Un technicien termine une intervention à 16 h 30. Il note ses heures le vendredi, entre deux appels, en se fiant à sa mémoire. Au bureau, la personne responsable de la facturation doit deviner quel bon de travail correspond à quelles heures. C’est ainsi que les erreurs de saisie de temps des employés s’installent : rarement par mauvaise volonté, souvent parce que le processus laisse trop de place à l’interprétation.

Pour une PME de services, quelques heures mal attribuées ne restent pas un simple problème administratif. Elles faussent le coût réel d’un chantier, retardent une facture, créent des discussions sur la paie et réduisent la confiance envers les tableaux de bord.

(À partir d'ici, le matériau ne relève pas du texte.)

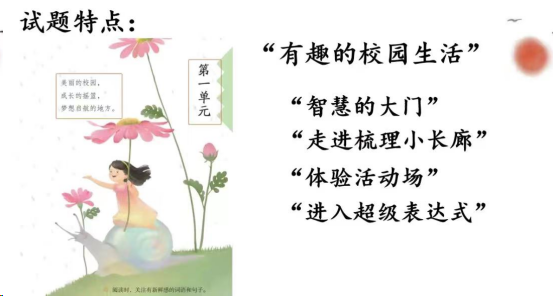 余玉仙、陈洁两位老师设计的第一单元试卷以“有趣的校园生活”为主题来设计,围绕这一主题设计了打开“智慧的大门”“走进梳理小长廊体验活动场”“进入超级表达式”这几个板块。两位老师设计的试卷考察全面,难易适中,同时能结合第一单元的语文要素“阅读时,关注有新鲜感的词语和句子”进行设计,并将语文融入生活,结合生活实际命题。

Le bon réflexe n’est pas de demander aux équipes de « faire plus attention ». Il faut faire en sorte que la saisie soit naturelle dans le déroulement du travail.

Les erreurs de saisie de temps des employés coûtent plus qu’on pense

Une feuille de temps incomplète oblige souvent le bureau à reconstruire les faits. On consulte les textos, l’horaire, le bon de travail papier, parfois le client. Cette ressaisie prend du temps et ne donne pas toujours une réponse certaine. Si une heure est rattachée au mauvais mandat, votre rapport de rentabilité raconte une histoire qui n’est pas la bonne.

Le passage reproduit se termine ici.